(DATASET EXTRACT)
*** Block opens ***
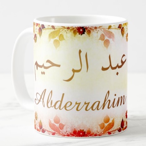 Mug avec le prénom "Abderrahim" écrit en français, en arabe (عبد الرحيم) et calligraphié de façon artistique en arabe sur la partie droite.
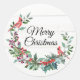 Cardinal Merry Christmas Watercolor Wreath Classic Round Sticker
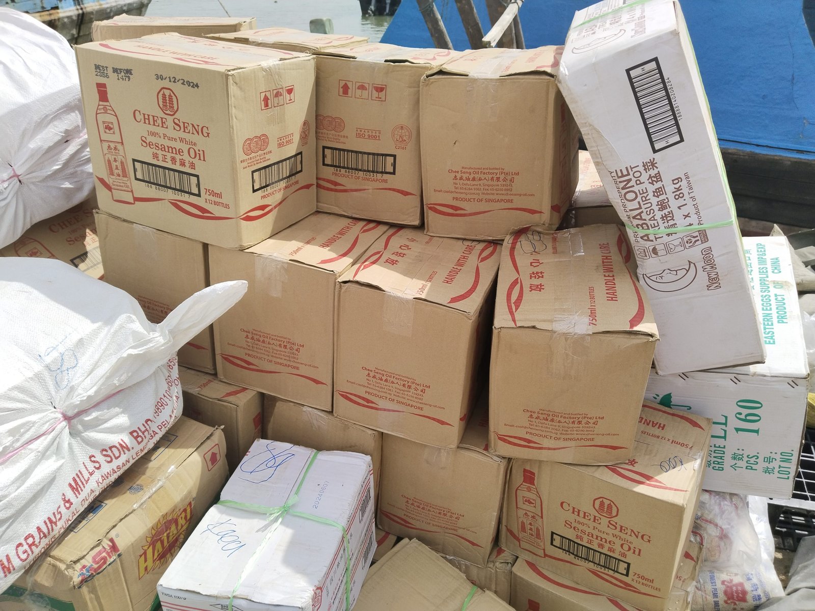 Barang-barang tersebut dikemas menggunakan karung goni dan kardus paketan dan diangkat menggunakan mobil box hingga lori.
*** Block closes ***
(YOUR OBJECTIVE) Your job is to reproduce the material exactly. Keep pictures out of it.

(TASK OUTPUT)
 Mug avec le prénom "Abderrahim" écrit en français, en arabe (عبد الرحيم) et calligraphié de façon artistique en arabe sur la partie droite.
 Cardinal Merry Christmas Watercolor Wreath Classic Round Sticker
 Barang-barang tersebut dikemas menggunakan karung goni dan kardus paketan dan diangkat menggunakan mobil box hingga lori.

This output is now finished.